I suggest having everyone read the first chapter from: http://svnbook.red-bean.com/en/1.5/
and they should have a good idea of what's happening.
I am also curious to see what people have to say about the database
How as a group should we manage the construction of the actual application? Are there methods out there that I can use that will allow any one of us to move the files to our development machine and keep track of who did it so we don't end up overwriting each other's changes?
It sounds like you're looking for build management. In the case of PHP, a true "build" is as simple as a collection of source files because the language is interpreted; there is no compilation.
It just so happens that I am one of the developers for BuildMaster, a tool which basically solves every problem you have listed in your question... and it also sounds like it would be free in your case under the Community Edition license. I'll try to address some of your individual pain points and how BuildMaster could be used as a solution.
Source Control
As suggested by others, you must use it. The trick when it comes to deployment is to set up some form of continuous integration so that every time someone checks in, a new "build" is created. In BuildMaster, you can set this up for any source control provider you want.
Issue/Bug Tracking
Excel will work, but it's not an optimal solution. There are plenty of free issue tracking tools you can use to manage your bugs and features.
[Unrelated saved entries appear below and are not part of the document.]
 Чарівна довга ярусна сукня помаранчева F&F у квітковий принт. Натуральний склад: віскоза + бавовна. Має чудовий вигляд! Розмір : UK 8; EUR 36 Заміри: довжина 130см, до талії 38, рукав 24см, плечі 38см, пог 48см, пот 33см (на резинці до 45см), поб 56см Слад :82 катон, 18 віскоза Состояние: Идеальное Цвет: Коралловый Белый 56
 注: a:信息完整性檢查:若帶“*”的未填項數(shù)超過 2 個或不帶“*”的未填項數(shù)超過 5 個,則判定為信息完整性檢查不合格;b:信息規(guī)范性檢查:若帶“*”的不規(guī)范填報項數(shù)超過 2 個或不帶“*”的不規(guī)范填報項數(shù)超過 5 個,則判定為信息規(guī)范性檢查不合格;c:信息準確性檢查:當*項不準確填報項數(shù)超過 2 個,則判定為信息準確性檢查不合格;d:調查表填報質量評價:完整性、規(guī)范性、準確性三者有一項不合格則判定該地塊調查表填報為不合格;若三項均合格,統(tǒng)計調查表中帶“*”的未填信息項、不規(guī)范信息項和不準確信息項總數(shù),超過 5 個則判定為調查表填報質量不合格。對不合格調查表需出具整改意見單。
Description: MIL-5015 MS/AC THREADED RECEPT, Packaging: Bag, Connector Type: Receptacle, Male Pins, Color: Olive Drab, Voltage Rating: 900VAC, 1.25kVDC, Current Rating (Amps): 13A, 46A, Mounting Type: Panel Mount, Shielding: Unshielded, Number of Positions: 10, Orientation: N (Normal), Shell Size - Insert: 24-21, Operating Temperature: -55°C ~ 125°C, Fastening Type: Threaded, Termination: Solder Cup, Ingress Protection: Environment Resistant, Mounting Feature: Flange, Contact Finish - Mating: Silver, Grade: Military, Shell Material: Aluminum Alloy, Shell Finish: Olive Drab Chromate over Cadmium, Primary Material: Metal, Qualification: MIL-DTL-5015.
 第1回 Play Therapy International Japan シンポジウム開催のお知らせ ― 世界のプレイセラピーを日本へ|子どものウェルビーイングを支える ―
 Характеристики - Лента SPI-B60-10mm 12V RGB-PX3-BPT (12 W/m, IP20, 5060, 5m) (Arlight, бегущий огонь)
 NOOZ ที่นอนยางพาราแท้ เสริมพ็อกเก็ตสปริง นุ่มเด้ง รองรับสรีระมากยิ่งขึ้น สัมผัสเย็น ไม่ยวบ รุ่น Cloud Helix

With BuildMaster, you can link your bugs and features list with the application by their release number so you could view them within the tool at any time. It can also modify issue statuses and add descriptions automatically if you want.
Deployments
Using BuildMaster, you can create automated deployment plans for your development environment, e.g.:
Get Latest Source Code
Create Artifact
Copy Files To Development Machine
Deploy Configuration Files
Update Database
The best part is, once you set these up for other environments (glowcoder's point #6), pushing all of your code and database updates is as simple as clicking a button.
Another issue I foresee will be updating the database running on the development machine. Are there any standardised methods that we can use to manage our SQL scripts among the four of us?
Database Updates
Not surprisingly, BuildMaster handles these as well by using the change scripts module. When a member of your team creates a script (e.g. ALTER TABLE ADD [Blah] INT NOT NULL) he can upload it into BuildMaster, then run it on any environment you have created.
The best part is that you can add a step in your automated deployment and never worry about it again. As Justin mentions, you can use .sql files for your object code (stored procedures, views, triggers, etc.) and have those executed on every build since they are essentially code anyway. You can keep those in source control.
Configuration Files
One aspect of all this you may have neglected (but will inevitably run into) is dealing with configuration files. With PHP, you may have an .htaccess file, a php.ini file, a prepend.php, or roll your own custom config file. Since by definition configuration files need to change between your personal machine and the development machine, grabbing them from source control wouldn't necessary work without some bit of hacking a la:
if (DEV) {
// do one thing
}
else if (PROD) {
// do another
}
With BuildMaster, you can templatize your configuration files and associate them with an environment so they can be deployed automatically. It will also maintain a history of changes for you.
Automated Testing
If you want the full ALM effect, you can automatically unit test your code during an automated build, and notify you if anything fails so you know as soon as possible that something is broken.
Apologies for the "long winded" response, but I feel like you're already ahead of the game by observing the problems you might run into in the future and really believe BuildMaster will make all of this deployment stuff simple for your team so you can focus on the fun part, coding!